Maikel Nabil Sanad, bloguero egipcio, conocido con el seudónimo de Son of Ra, fue detenido el pasado 28 de marzo y, dos semanas más tarde, condenado a una pena de 3 años de cárcel. Era acusado de “insulto a la institución militar, publicación de noticias falsas y disturbios del órden público”. En su blog había publicado un informe que cuestionaba la aparente “neutralidad” del ejercito durante las manifestaciones de enero y febrero de 2011 que precedieron la caída del régimen de Hosni Mubarak, desvelando la implicación de militares en arrestos, detenciones arbitrarias y torturas. El 24 de agosto Sanad empezó una huelga de hambre, el juicio de apelación fue aplazado varias veces y, a finales de octubre, un juez decidió que el bloguero fuera recluido en un hospital psiquiátrico. Las violencias de las últimas semanas en la plaza Tahrir, acompañadas de nuevos casos de periodistas – locales y extranjeros – agredidos y detenidos, confirman que Sanad había acertado en sus denuncias.
No hay siempre un antes y un después, una clara línea de demarcación, en los países de Oriente Medio barridos a lo largo de los últimos meses por el viento de la revolución. La advertencia viene de Reporteros sin Fronteras que, cuando se cumple un año desde que empezó la “primavera árabe”, publica un informe sobre el papel de los medios, “testigos clave” del cambio pero también protagonistas en esta delicada fase de transición.
Un año en el que la prensa, como suele pasar en los lugares donde se hace historia, pagó un precio muy alto: 13 profesionales de la información (2 en Egipto, 1 en Túnez, 5 en Libia, 2 en Bahréin y 3 en Yemen) perdieron la vida en este periodo mientras realizaban su trabajo: entre ellos algunas reconocidas figuras del fotoperiodismo internacional, aunque la mayoría de las victimas fueron periodistas locales.

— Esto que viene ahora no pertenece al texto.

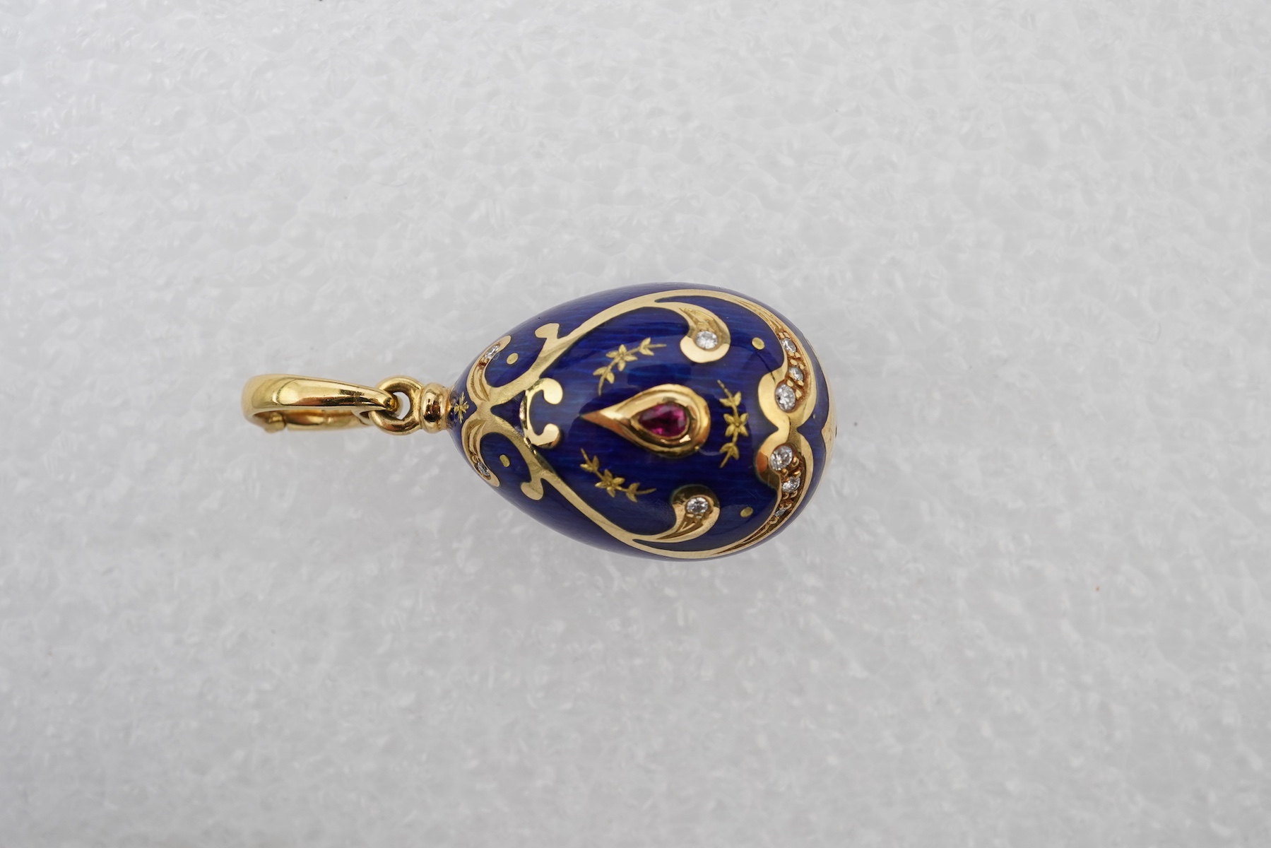 Fabergé, a modern gold, enamel and diamond pendant, designed as an egg, applied with blue guilloché enamel decorated with gold scrollwork in reserve, set with brilliant-cut diamonds and a pear-shaped ruby, length 4cm including bail, signed Fabergé, limited edition number 7/200, stamped 750, gross weight 17 grams
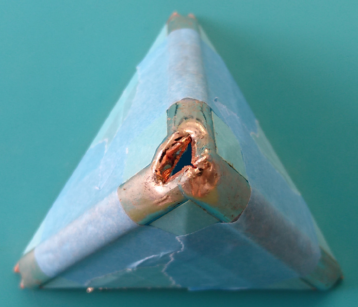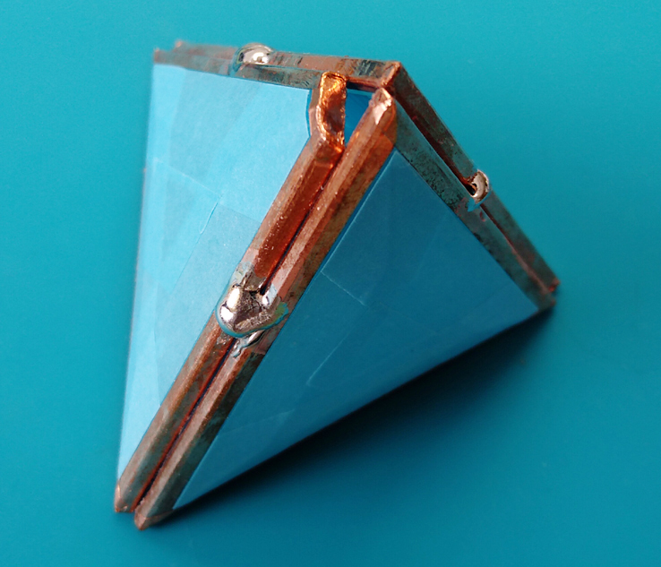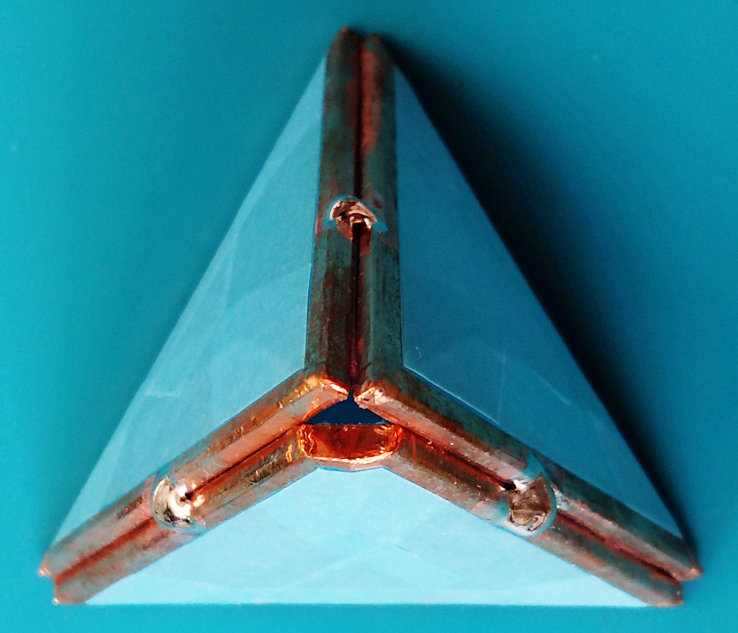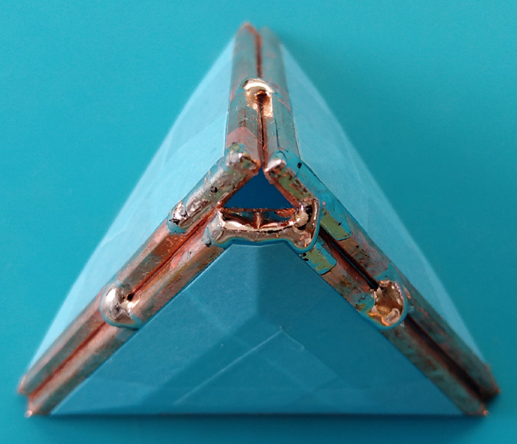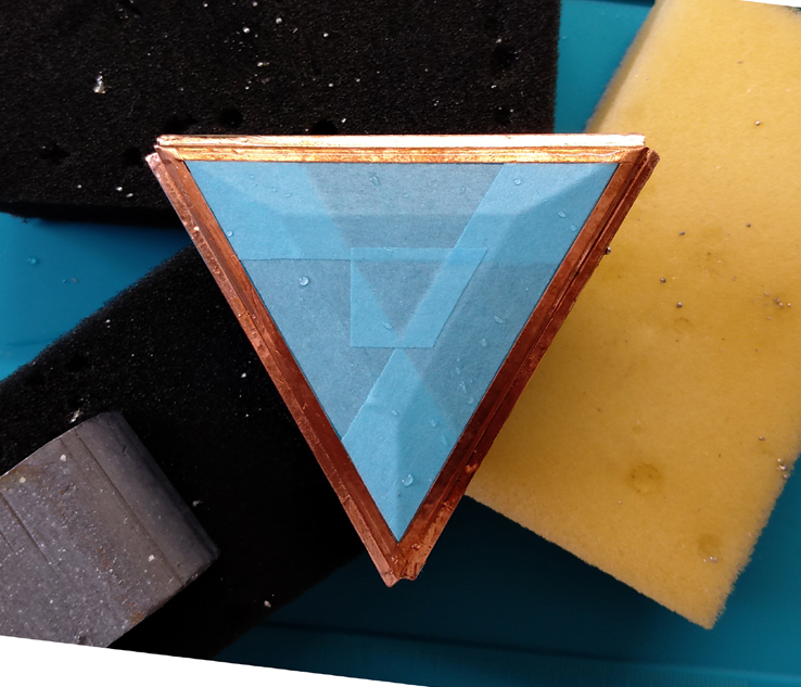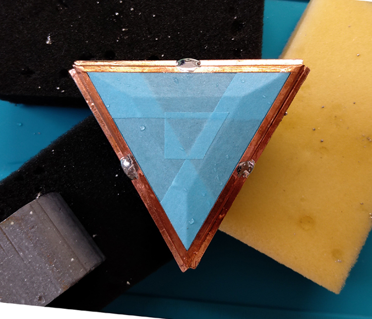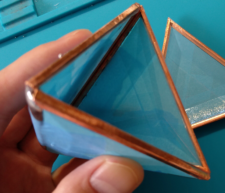 洗い終わった三角錐と1枚のガラスを接合します。 ※ハンダ付けの前にかならず液体フラックスをハンダ付けする部位に塗ります。![]() ![]() 三角錐を逆さにしてスポンジで固定し、ガラスをで蓋をします。![]() ![]() 3辺をハンダで仮止めした後、「4.ピースを接合1」と同じようにハンダ付けしてマスキングテープを貼ります。 |
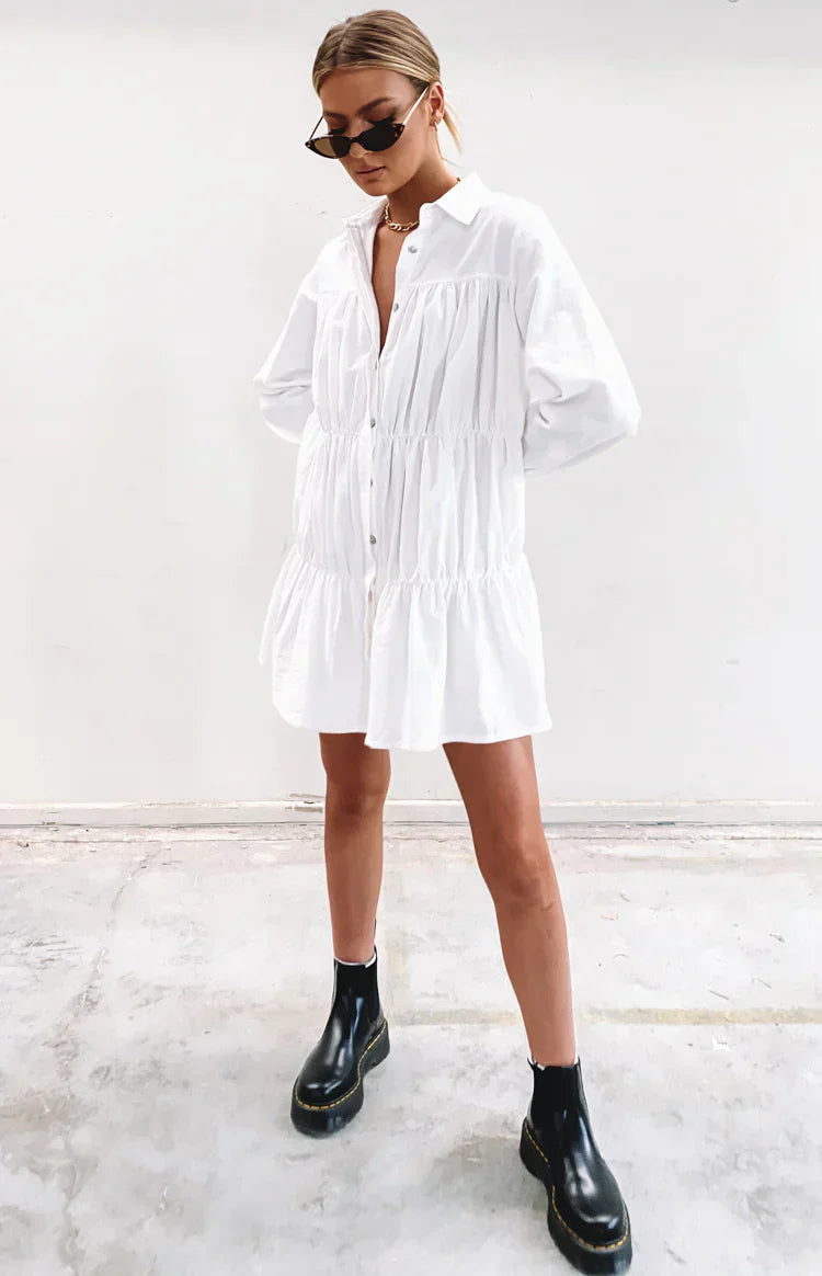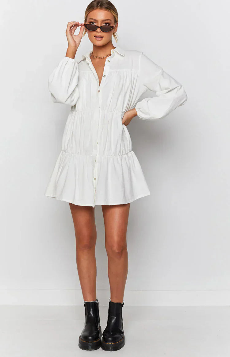 This white tiered long sleeve dress is perfect for cooler summer days – pair it with gold accessories and shoes of your choice depending on the occasion!
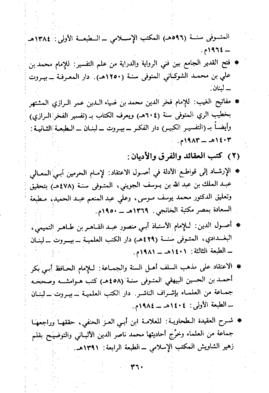(2) كتب العقائد والفرق والأديان:

Frente al empleo masivo de nuevas herramientas de comunicación, como Facebook y Twitter, los gobiernos autoritarios respondieron con viejas y nuevas formas de represión. Las recuerda Soazig Dollet, responsable pare Oriente Medio de Rsf: “Vigilancia de la Red, corte de Internet, corte del las redes de telefonía móvil, interferencia de las cadenas que transmitían via satélite, confiscación de periódicos, agresiones y detensiones de profesionales de la información, blogueros e internautas, secuestros y asesinatos, expulsión de periodistas extranjeros, negación de visados”.
Una batería de medidas que, de todas formas, no lograron parar las protestas. En Túnez, antes de la caída de Ben Ali, los esfuerzos de la ciberpolicia “Ammar 404” fueron frustrados por los hackers de Anonymous, con una serie de ciberataques contra sitios gubernamentales. En Egipto, el bloqueo de las redes de Internet y de telefonía móvil impuesto por Mubarak ocasionó pérdidas por 90 millones de dólares en tan solo cinco días y enseguida las conexiones tuvieron que ser restablecidas.
También en Libia, mientras veía que la situación se le escapaba de las manos, Gadafi intentó responder con el corte de las líneas telefónicas. Un año después del comienzo de la “primavera árabe”, la situación más alarmante sigue siendo la de Siria, con 25 blogueros y periodistas entre rejas, otros secuestrados y torturados, y muchos corresponsales extranjeros expulsados.
(Traducción de un artículo del mismo autor, publicado en “Il Fatto Quotidiano”)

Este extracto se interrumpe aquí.